TASK DIRECTIONS:
The answer must be an exact transcription of the lines below from the first through the one containing "이종걸 더불어민주당 원내대표가 40여일만에", with the pictures left out; please add nothing else.

RECORDS SUPPLIED:

• • •

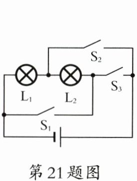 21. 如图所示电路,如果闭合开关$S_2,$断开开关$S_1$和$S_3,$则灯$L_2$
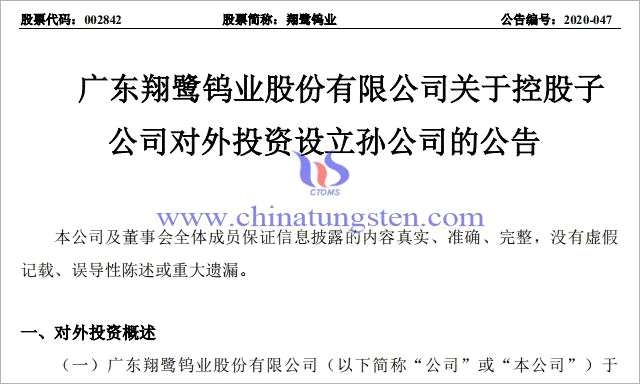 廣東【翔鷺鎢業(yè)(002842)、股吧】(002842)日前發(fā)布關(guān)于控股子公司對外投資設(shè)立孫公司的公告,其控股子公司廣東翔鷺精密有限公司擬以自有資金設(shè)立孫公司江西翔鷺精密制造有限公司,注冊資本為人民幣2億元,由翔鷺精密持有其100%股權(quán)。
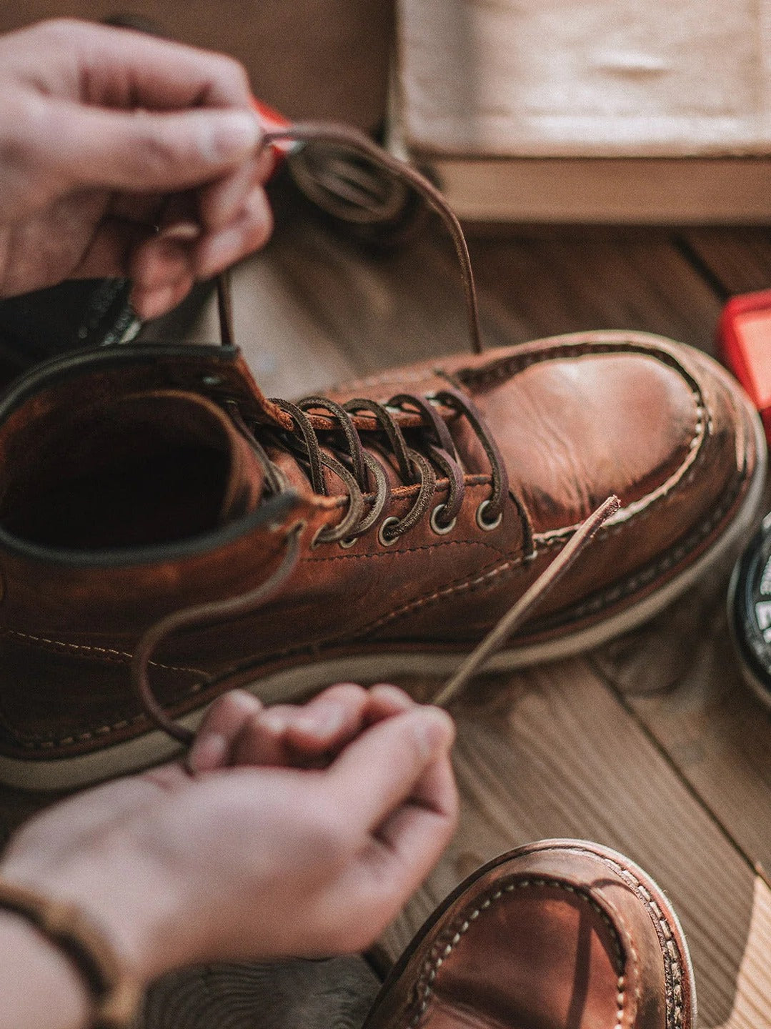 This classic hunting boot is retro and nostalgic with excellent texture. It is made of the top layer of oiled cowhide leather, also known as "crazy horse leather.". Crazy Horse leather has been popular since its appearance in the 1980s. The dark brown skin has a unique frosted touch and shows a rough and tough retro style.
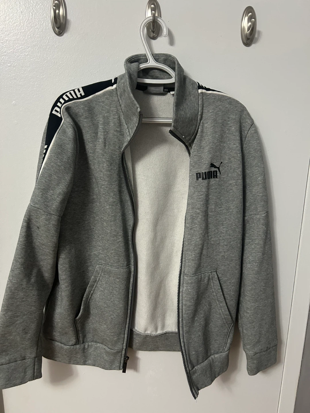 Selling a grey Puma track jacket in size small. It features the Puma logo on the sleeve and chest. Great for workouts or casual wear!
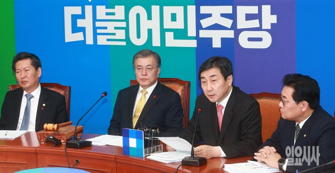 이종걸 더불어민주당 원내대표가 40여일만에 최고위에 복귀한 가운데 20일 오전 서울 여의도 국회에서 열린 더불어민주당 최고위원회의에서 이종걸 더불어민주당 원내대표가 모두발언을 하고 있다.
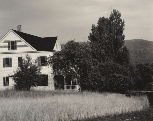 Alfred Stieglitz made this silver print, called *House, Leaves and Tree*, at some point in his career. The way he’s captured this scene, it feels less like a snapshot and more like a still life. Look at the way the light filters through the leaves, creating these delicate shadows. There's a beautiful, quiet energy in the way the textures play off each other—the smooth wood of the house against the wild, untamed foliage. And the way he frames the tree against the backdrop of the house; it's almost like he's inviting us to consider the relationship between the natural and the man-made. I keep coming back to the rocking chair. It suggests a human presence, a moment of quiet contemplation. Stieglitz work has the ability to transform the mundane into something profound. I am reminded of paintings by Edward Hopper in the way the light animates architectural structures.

• • •

ANSWER BOX:
 21. 如图所示电路,如果闭合开关$S_2,$断开开关$S_1$和$S_3,$则灯$L_2$
 廣東【翔鷺鎢業(yè)(002842)、股吧】(002842)日前發(fā)布關(guān)于控股子公司對外投資設(shè)立孫公司的公告,其控股子公司廣東翔鷺精密有限公司擬以自有資金設(shè)立孫公司江西翔鷺精密制造有限公司,注冊資本為人民幣2億元,由翔鷺精密持有其100%股權(quán)。
 This classic hunting boot is retro and nostalgic with excellent texture. It is made of the top layer of oiled cowhide leather, also known as "crazy horse leather.". Crazy Horse leather has been popular since its appearance in the 1980s. The dark brown skin has a unique frosted touch and shows a rough and tough retro style.
 Selling a grey Puma track jacket in size small. It features the Puma logo on the sleeve and chest. Great for workouts or casual wear!
 이종걸 더불어민주당 원내대표가 40여일만에 최고위에 복귀한 가운데 20일 오전 서울 여의도 국회에서 열린 더불어민주당 최고위원회의에서 이종걸 더불어민주당 원내대표가 모두발언을 하고 있다.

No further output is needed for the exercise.